Virginia's Board of Education is expected today to hand off legislation to local school districts allowing them to add gun safety to elementary school curriculum.
The state's General Assembly approved a measure last April that required the Board of Education to design course materials in line with the National Rifle Association's Eddie Eagle GunSafe Program guidelines to teach elementary students about gun safety.
The curriculum includes lessons ranging from distinguishing those who use guns professionally to recognizing and catching firearms on school property, WTVR reports. Individual districts will be able to decide whether to adopt the curriculum.
The legislation passed last year states that the firearms curriculum's goal is to "promote the protection and safety of children enrolled in the public schools." The curriculum should also include accident prevention and "shall integrate firearm safety education into appropriate subject areas, if feasible, to ensure that every elementary grade student completes the course of study in firearm safety education."
The NRA's Eddie Eagle program targets young elementary school students and uses materials like workbooks and videos. From the program's website:
"The purpose of the Eddie Eagle Program isn't to teach whether guns are good or bad, but rather to promote the protection and safety of children. The program makes no value judgments about firearms, and no firearms are ever used in the program."
But critics called for more inclusive standards and guidelines if districts choose to include gun safety in its curriculum. Lori Haas, spokesperson for the Virginia Center for Public Safety and mother to a survivor of the 2007 Virginia Tech shootings, told FoxNews.com last April that the legislation is an unnecessary burden on the school board, as well as a "freebie to a special interest group."
"I personally don't think firearm safety has a place in the schools.

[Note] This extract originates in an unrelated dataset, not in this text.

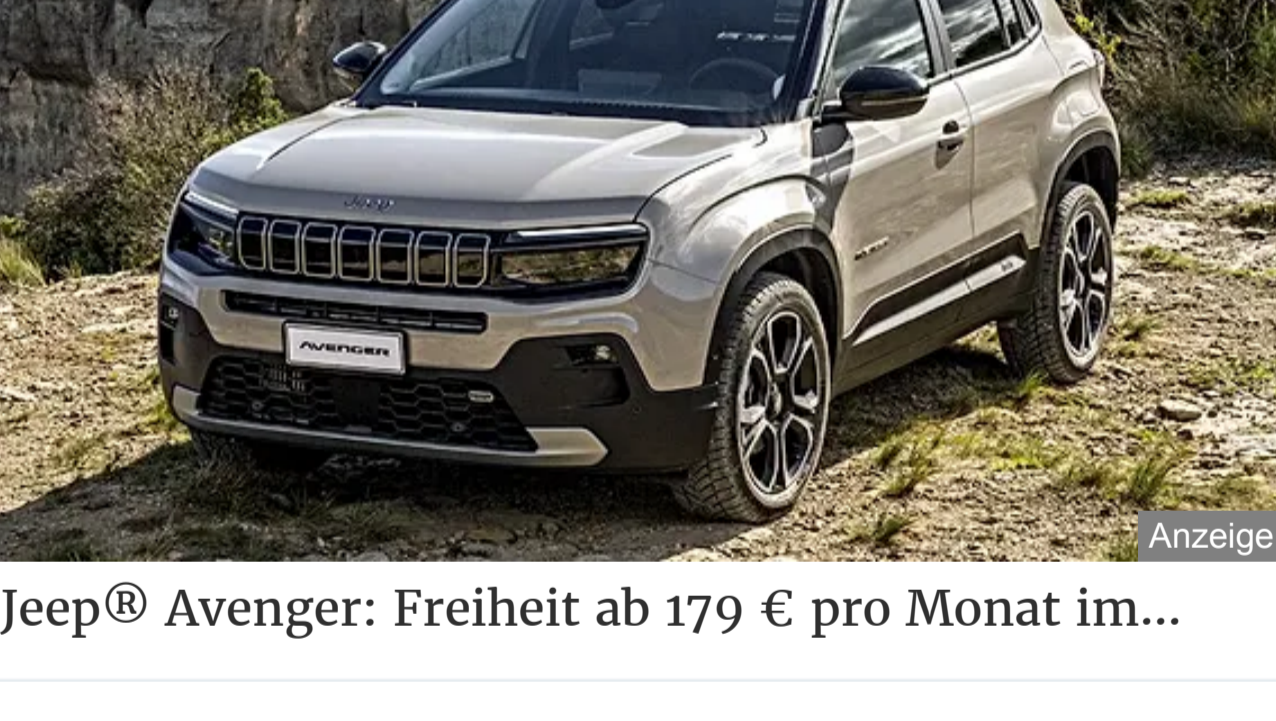
Jeep® Avenger: Freiheit ab 179 € pro Monat im...

Sein „herzlicher Dank“ gelte „ausdrücklich den zahlreichen Unternehmen, der IHK und der Bergischen Universität Wuppertal und nicht zuletzt auch den Mitgliedern des Verwaltungsrates der Wirtschaftsförderung, die in ihrer Gesamtheit und mit ihrer Expertise in vielen Workshops und Lenkungsgruppensitzungen zu diesem erfolgreichen und richtungweisenden Ergebnis beigetragen haben.“

That's up to the parents to teach that at home," Haas told FoxNews.com. "For the General Assembly and governor to dictate to the Board of Education in writing curriculum is not their area."
In April, a Houston kindergartener brought to school a loaded gun that accidentally fell and fired, injuring the student and two of his peers. Just a few weeks later, a 10-year-old boy allegedly fired a BB gun in his 4th grade classroom in Denver.